Records contained in a dataset
********************

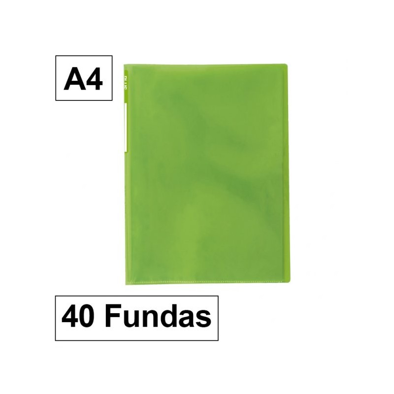 Tapas de polipropileno flexibles. Fundas transparentes de polipropileno antireflejo de 45 micras y resistentes a las fotocopias. Soldadas al lomo. 40 fundas. Color verde. Medidas: 230 x 305 mm.
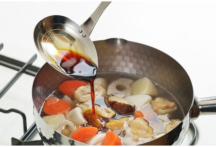 ●小ぶりな器や繊細なお料理でもそっとこぼさずに注げる横口お玉です。●5ml、15ml、30mlのラインが入っているので、調味料の計量や取り分けなどに便利です。●商品サイズ(約):縦/250mm、横/105mm●商品重量(約):95g●パッケージ重量(約):100g●材質:18-8ステンレス
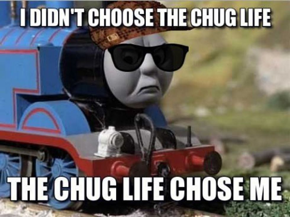 Look, the way I see it, I work hard all week long: emailing people, talking with teachers, planning events, doing homework, running to classes, going to clubs—the list goes on. So if I want to watch "Thomas & Friends" where I don't have to worry about keeping up with a dramatic storyline or just watch Scooby-freakin-Doo bust some bad guys in masks then I will! I need some kind of entertainment that's easy to follow because my brain literally cannot handle any more information, and if I try to shove any more in my head might start doing this.
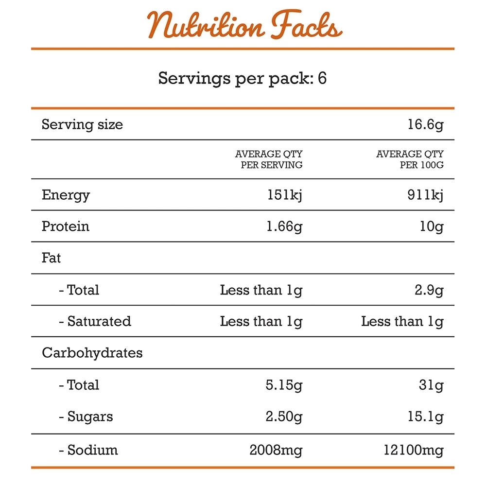 Ingredients: Salt, Spices, Herbs, Hydrolysed Vegetable Protein, Sugar, Dehydrated Vegetables, Anti-caking Agent (551).
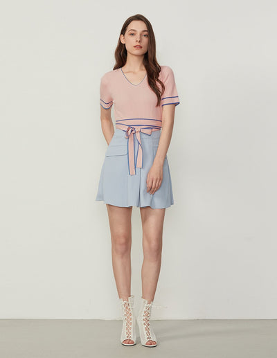BORA AKSU Sweet Red And White Colour-Block Knitted Fake Two-Piece Top
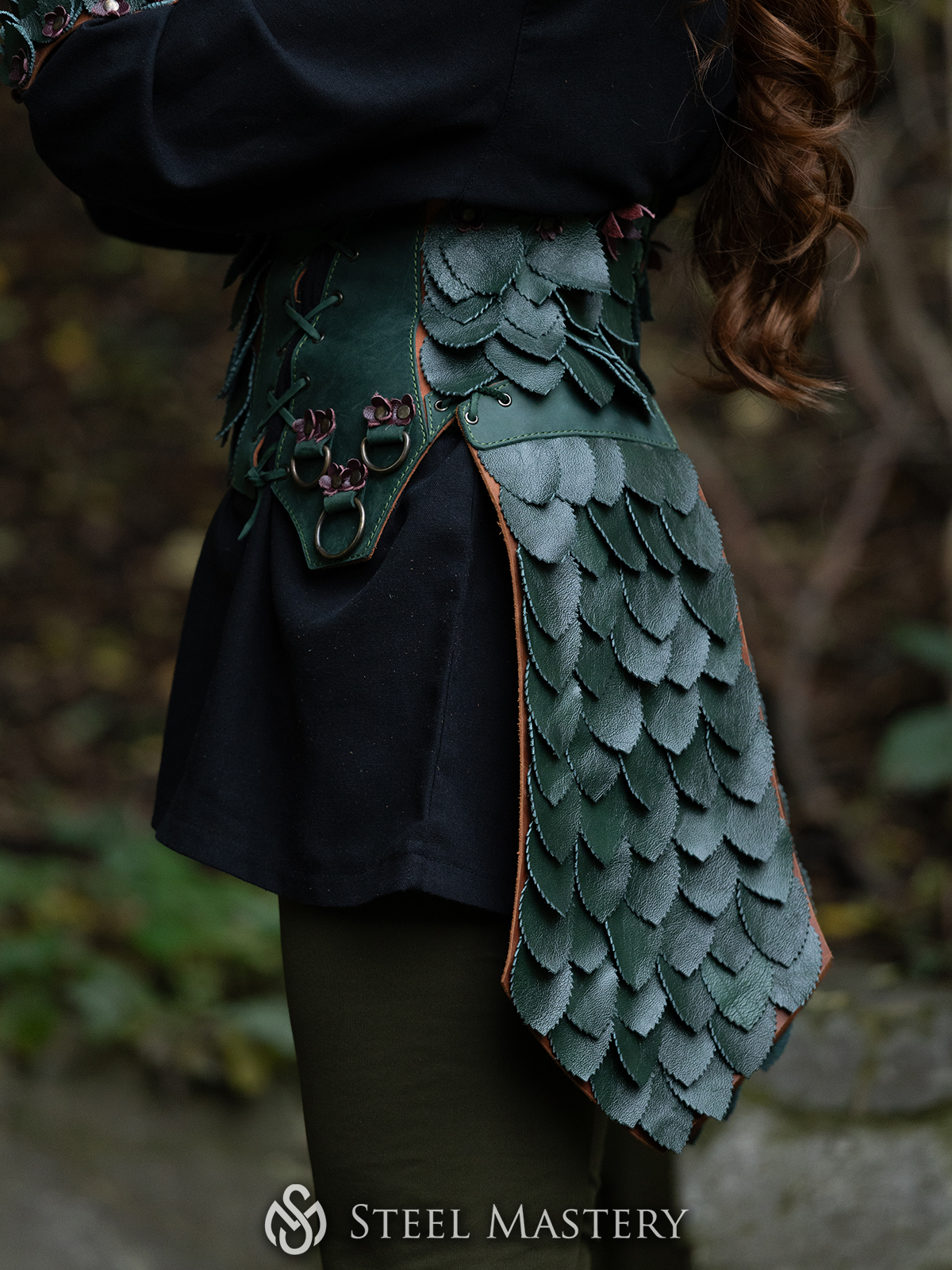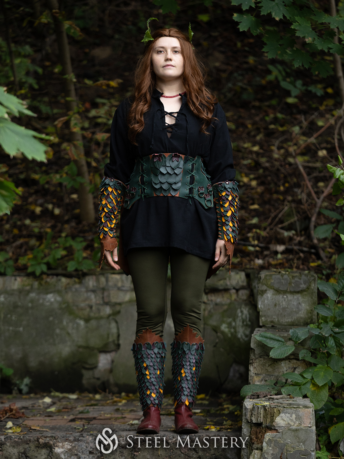 Confeccionado en cuero genuino de alta calidad, cada pieza está teñida en tonos terrosos y moldeada para evocar las texturas de la naturaleza. Perfecto para LARP, cosplay, sesiones fotográficas de fantasía o actuaciones escénicas.
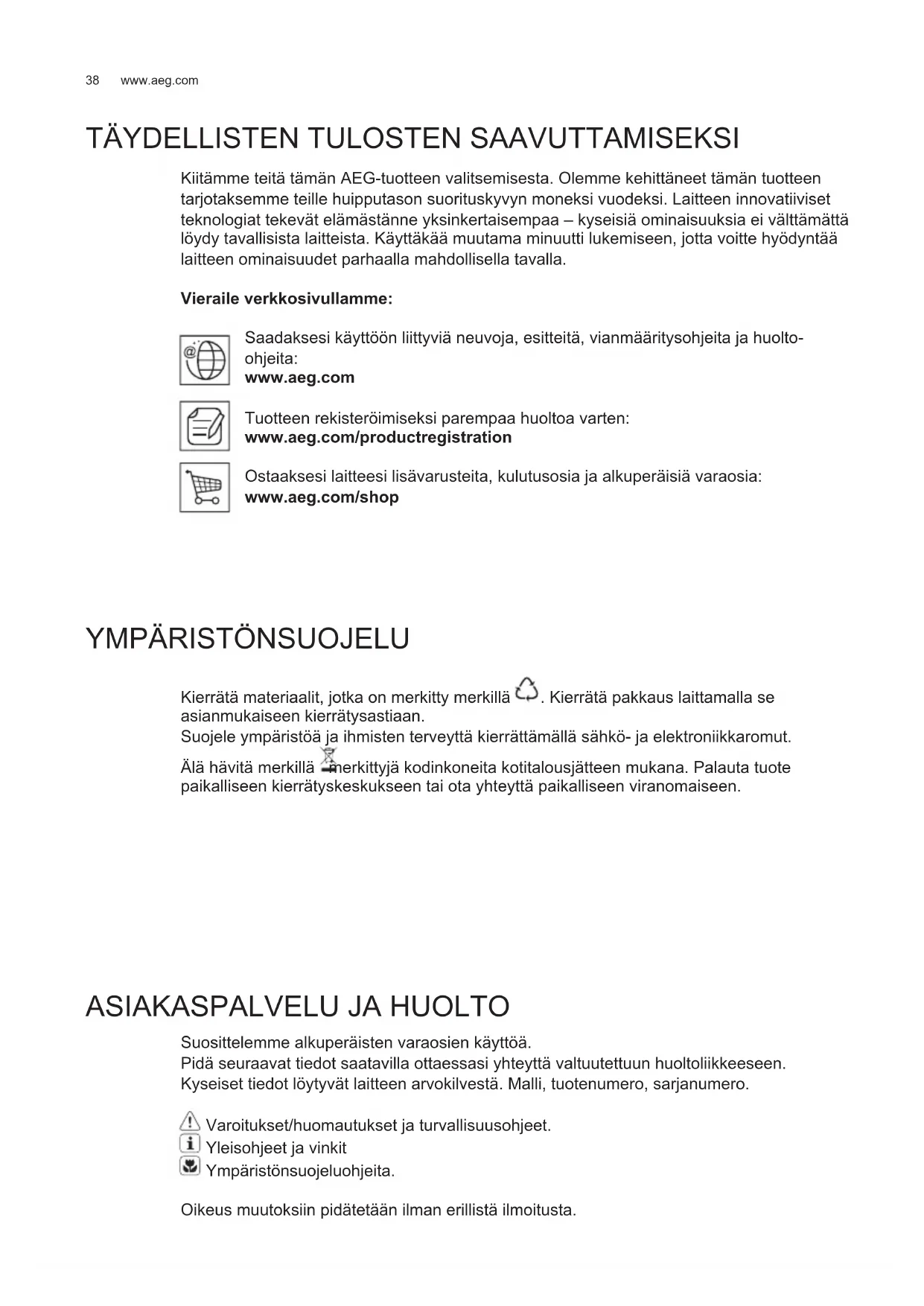 Kiitämme teitä tämän AEG-tuotteen valitsemisesta. Olemme kehittäneet tämän tuotteen tarjotaksemme teille huipputason suorituskyvyn moneksi vuodeksi. Laitteen innovatiiviset teknologiat tekevät elämästänne yksinkertaisempaa – kyseisiä ominaisuuksia ei välttämättä löydy tavallisista laitteista. Käyttäkää muutama minuutti lukemiseen, jotta voitte hyödyntää laitteen ominaisuudet parhaalla mahdollisella tavalla. Vieraile verkkosivullamme: Saadaksesi käyttöön liittyviä neuvoja, esitteitä, vianmääritysohjeita ja huolto- ohjeita: www.aeg.com Tuotteen rekisteröimiseksi parempaa huoltoa varten: www.aeg.com/productregistration Ostaaksesi laitteesi lisävarusteita, kulutusosia ja alkuperäisiä varaosia: www.aeg.com/shop
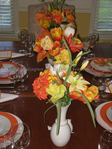 I like for the items on the buffet behind the table to coordinate whenever possible. This time around I used a massive orange wooden platter from Z Gallerie as a backdrop. The pure white pitchers, purchased a couple of years ago at Home Goods, are spruced up with silver beverage tags affixed with mandarin orange ribbon. A jumble of orange, yellow & green beads add color and texture.

********************

WHAT IS BEING ASKED: Omit every picture while transcribing the records above exactly.

WRITTEN REPLY:
 Tapas de polipropileno flexibles. Fundas transparentes de polipropileno antireflejo de 45 micras y resistentes a las fotocopias. Soldadas al lomo. 40 fundas. Color verde. Medidas: 230 x 305 mm.
 ●小ぶりな器や繊細なお料理でもそっとこぼさずに注げる横口お玉です。●5ml、15ml、30mlのラインが入っているので、調味料の計量や取り分けなどに便利です。●商品サイズ(約):縦/250mm、横/105mm●商品重量(約):95g●パッケージ重量(約):100g●材質:18-8ステンレス
 Look, the way I see it, I work hard all week long: emailing people, talking with teachers, planning events, doing homework, running to classes, going to clubs—the list goes on. So if I want to watch "Thomas & Friends" where I don't have to worry about keeping up with a dramatic storyline or just watch Scooby-freakin-Doo bust some bad guys in masks then I will! I need some kind of entertainment that's easy to follow because my brain literally cannot handle any more information, and if I try to shove any more in my head might start doing this.
 Ingredients: Salt, Spices, Herbs, Hydrolysed Vegetable Protein, Sugar, Dehydrated Vegetables, Anti-caking Agent (551).
BORA AKSU Sweet Red And White Colour-Block Knitted Fake Two-Piece Top
 Confeccionado en cuero genuino de alta calidad, cada pieza está teñida en tonos terrosos y moldeada para evocar las texturas de la naturaleza. Perfecto para LARP, cosplay, sesiones fotográficas de fantasía o actuaciones escénicas.
 Kiitämme teitä tämän AEG-tuotteen valitsemisesta. Olemme kehittäneet tämän tuotteen tarjotaksemme teille huipputason suorituskyvyn moneksi vuodeksi. Laitteen innovatiiviset teknologiat tekevät elämästänne yksinkertaisempaa – kyseisiä ominaisuuksia ei välttämättä löydy tavallisista laitteista. Käyttäkää muutama minuutti lukemiseen, jotta voitte hyödyntää laitteen ominaisuudet parhaalla mahdollisella tavalla. Vieraile verkkosivullamme: Saadaksesi käyttöön liittyviä neuvoja, esitteitä, vianmääritysohjeita ja huolto- ohjeita: www.aeg.com Tuotteen rekisteröimiseksi parempaa huoltoa varten: www.aeg.com/productregistration Ostaaksesi laitteesi lisävarusteita, kulutusosia ja alkuperäisiä varaosia: www.aeg.com/shop
 I like for the items on the buffet behind the table to coordinate whenever possible. This time around I used a massive orange wooden platter from Z Gallerie as a backdrop. The pure white pitchers, purchased a couple of years ago at Home Goods, are spruced up with silver beverage tags affixed with mandarin orange ribbon. A jumble of orange, yellow & green beads add color and texture.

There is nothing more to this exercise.